[[ DATA open ]]
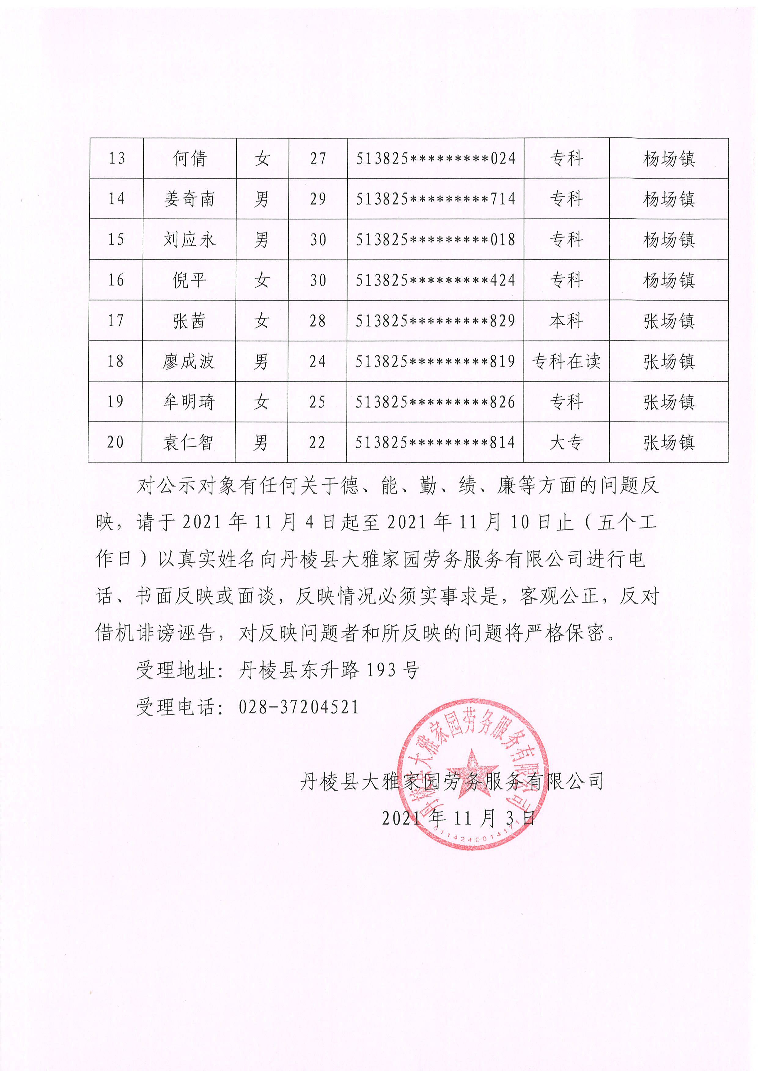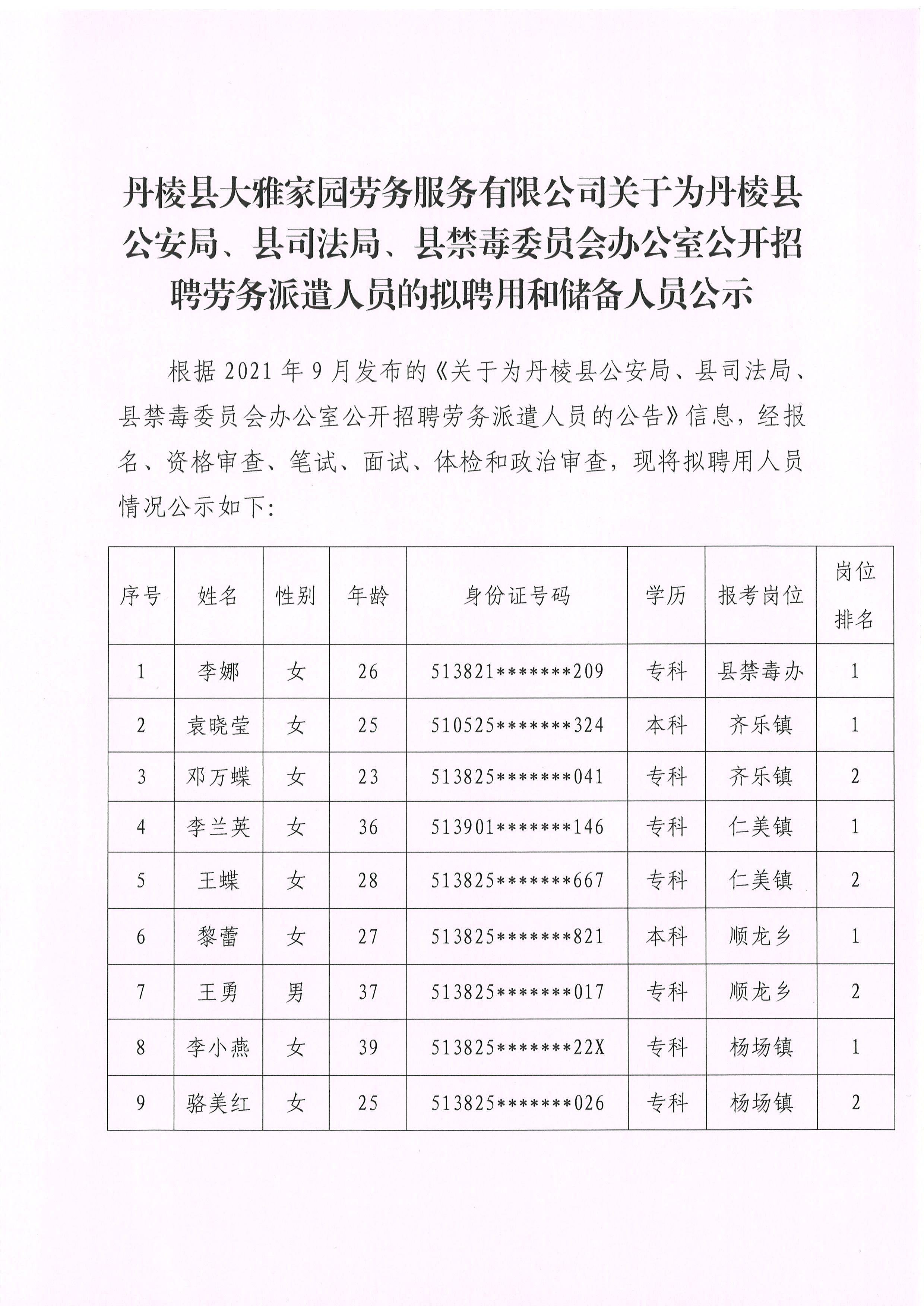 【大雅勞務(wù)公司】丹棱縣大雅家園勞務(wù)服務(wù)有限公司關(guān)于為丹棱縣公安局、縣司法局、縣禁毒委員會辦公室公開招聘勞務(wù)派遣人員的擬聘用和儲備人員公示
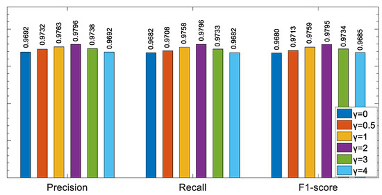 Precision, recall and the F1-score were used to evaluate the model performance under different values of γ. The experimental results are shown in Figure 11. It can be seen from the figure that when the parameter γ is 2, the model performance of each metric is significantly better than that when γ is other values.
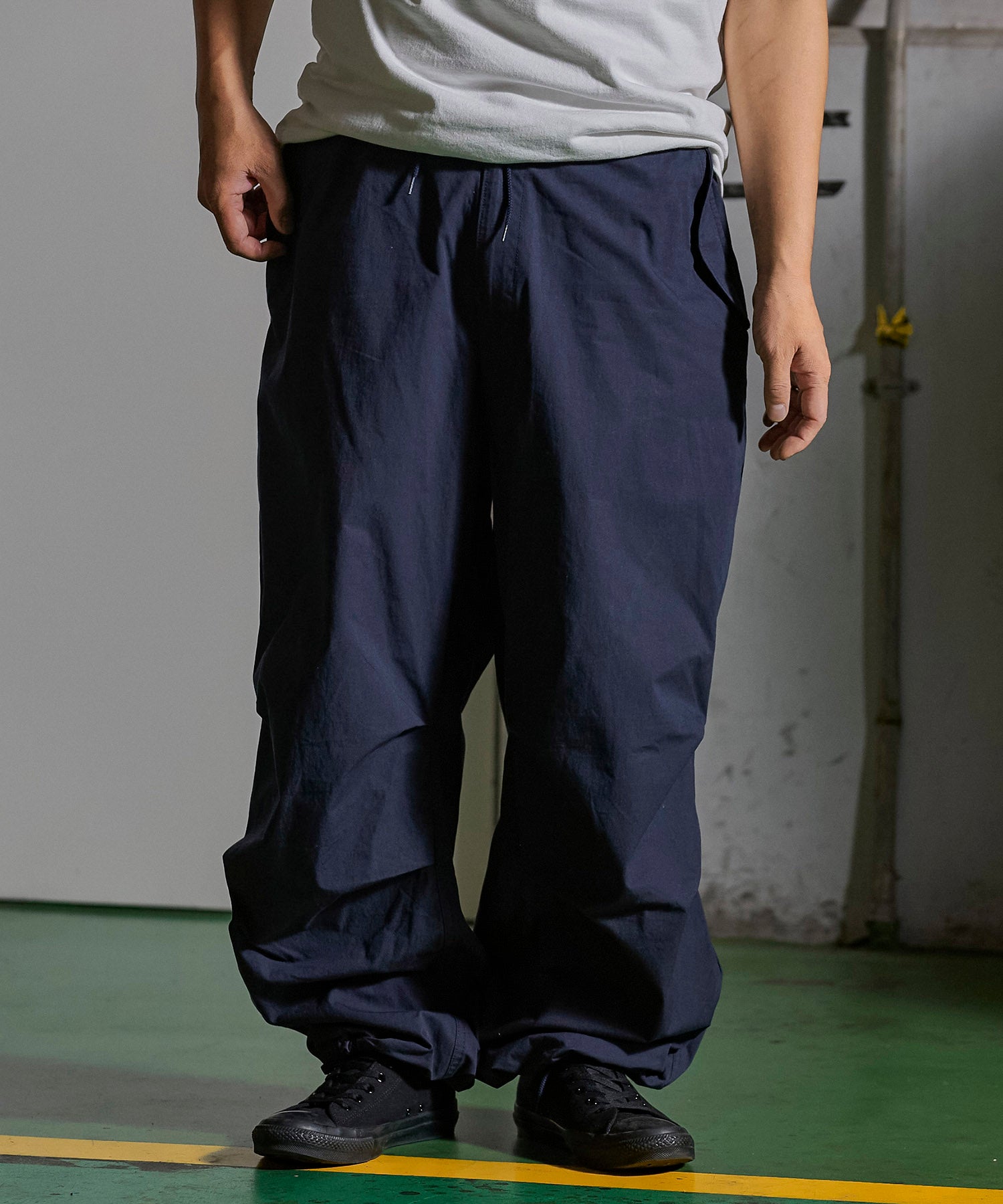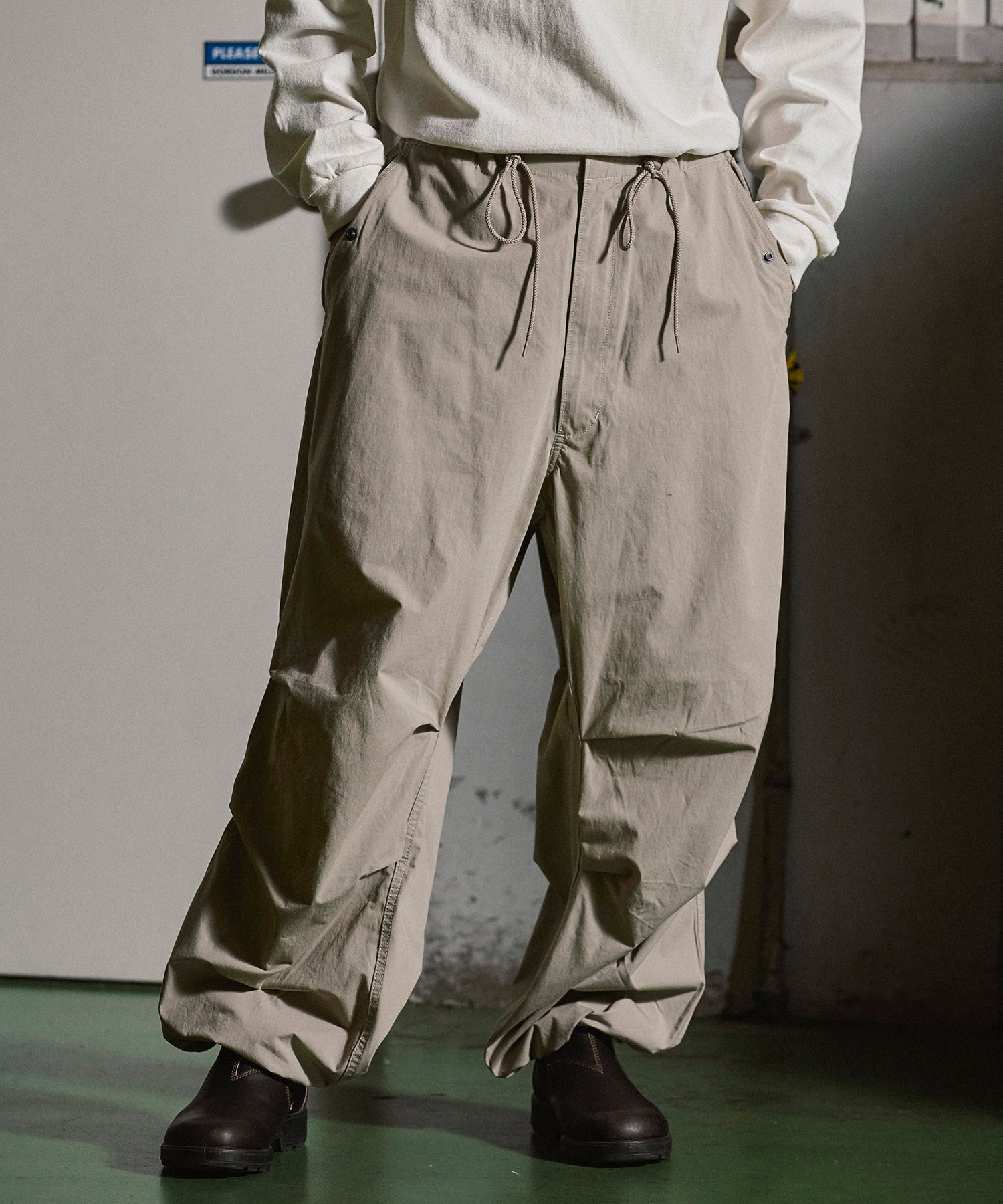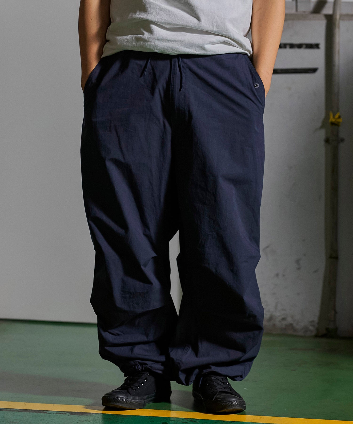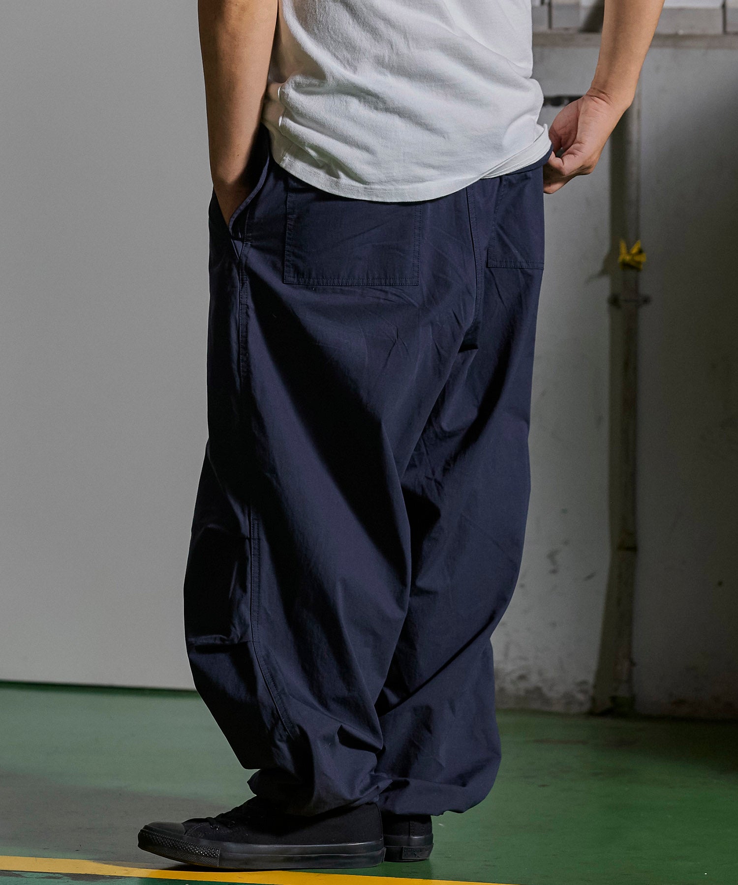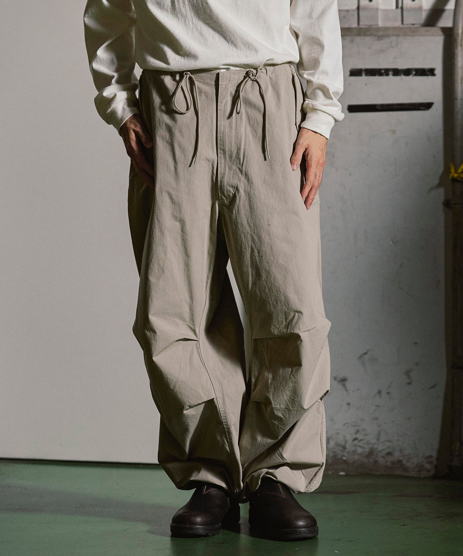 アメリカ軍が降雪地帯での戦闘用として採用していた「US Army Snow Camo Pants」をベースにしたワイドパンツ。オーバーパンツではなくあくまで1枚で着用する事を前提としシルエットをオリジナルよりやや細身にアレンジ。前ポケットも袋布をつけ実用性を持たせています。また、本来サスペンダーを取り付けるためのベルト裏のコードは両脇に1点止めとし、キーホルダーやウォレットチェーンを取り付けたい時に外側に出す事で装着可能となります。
[[ DATA closed ]]
[[ DATA open ]]
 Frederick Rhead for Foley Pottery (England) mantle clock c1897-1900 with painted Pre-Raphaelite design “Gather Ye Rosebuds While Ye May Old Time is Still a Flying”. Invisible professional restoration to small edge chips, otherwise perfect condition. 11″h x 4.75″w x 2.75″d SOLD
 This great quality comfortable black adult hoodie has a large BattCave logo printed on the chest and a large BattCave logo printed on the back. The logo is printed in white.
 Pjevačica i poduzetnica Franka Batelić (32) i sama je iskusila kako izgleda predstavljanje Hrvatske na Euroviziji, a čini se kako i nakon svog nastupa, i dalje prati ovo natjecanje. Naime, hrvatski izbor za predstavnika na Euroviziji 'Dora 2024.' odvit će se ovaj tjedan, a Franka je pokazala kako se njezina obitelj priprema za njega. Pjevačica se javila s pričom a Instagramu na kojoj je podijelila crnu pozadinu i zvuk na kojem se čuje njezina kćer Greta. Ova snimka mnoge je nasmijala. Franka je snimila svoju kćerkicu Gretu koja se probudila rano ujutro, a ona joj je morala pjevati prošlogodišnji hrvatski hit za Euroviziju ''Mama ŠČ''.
[[ DATA closed ]]
[[ DATA open ]]
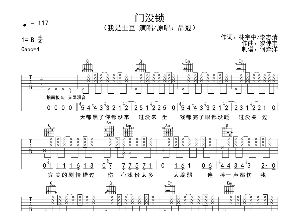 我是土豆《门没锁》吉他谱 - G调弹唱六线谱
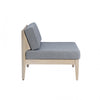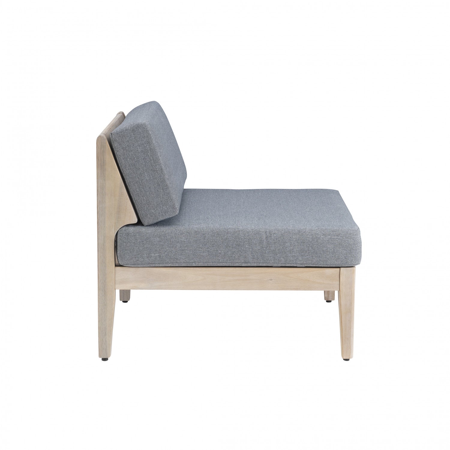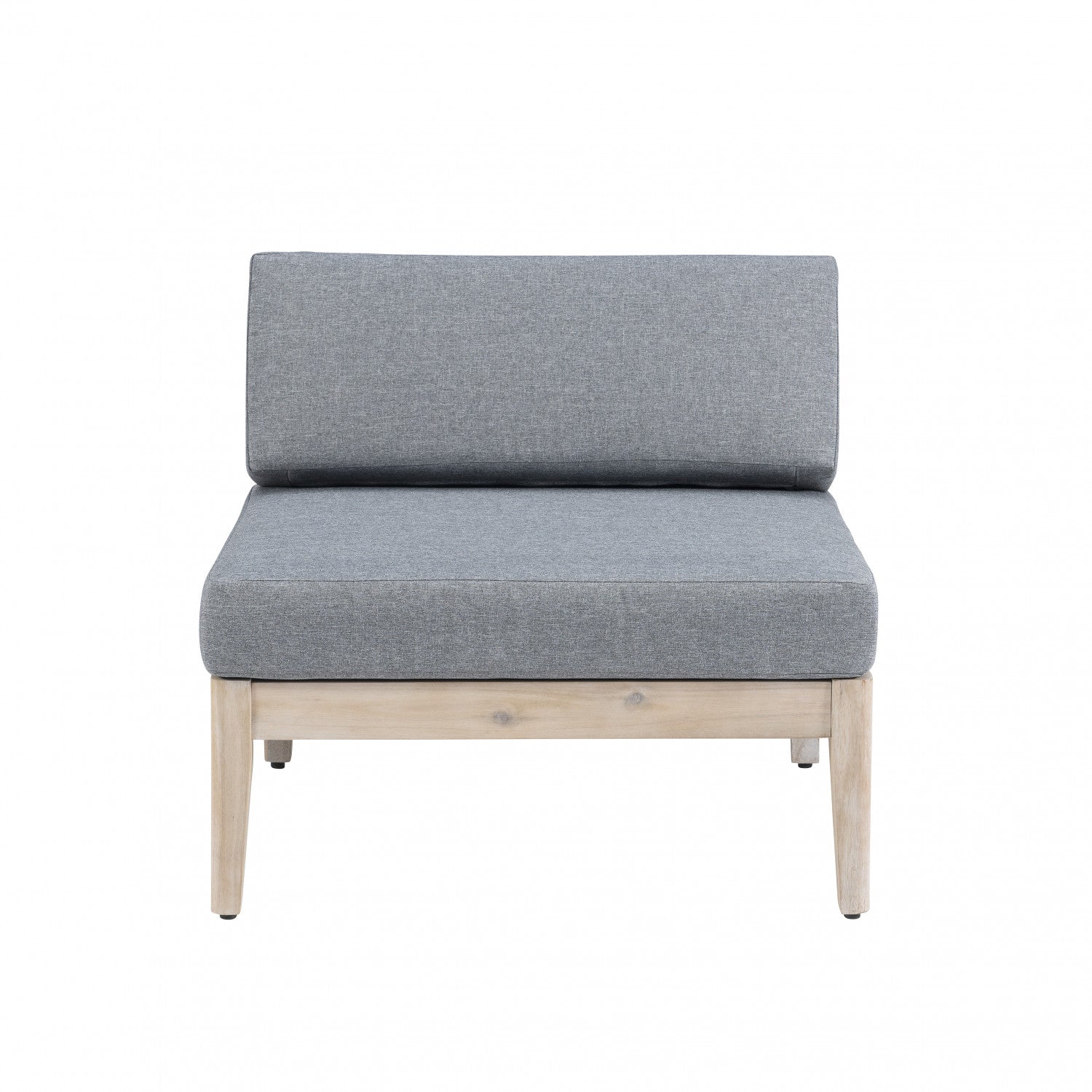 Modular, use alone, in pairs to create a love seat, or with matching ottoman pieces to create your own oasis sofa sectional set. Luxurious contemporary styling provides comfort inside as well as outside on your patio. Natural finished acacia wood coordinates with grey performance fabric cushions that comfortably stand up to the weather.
[[ DATA closed ]]
The exact lines of the material above starting at the one that contains "Frederick Rhead for" and ending at the one that contains "This great quality" are what to retype; leave out everything else.

 Frederick Rhead for Foley Pottery (England) mantle clock c1897-1900 with painted Pre-Raphaelite design “Gather Ye Rosebuds While Ye May Old Time is Still a Flying”. Invisible professional restoration to small edge chips, otherwise perfect condition. 11″h x 4.75″w x 2.75″d SOLD
 This great quality comfortable black adult hoodie has a large BattCave logo printed on the chest and a large BattCave logo printed on the back. The logo is printed in white.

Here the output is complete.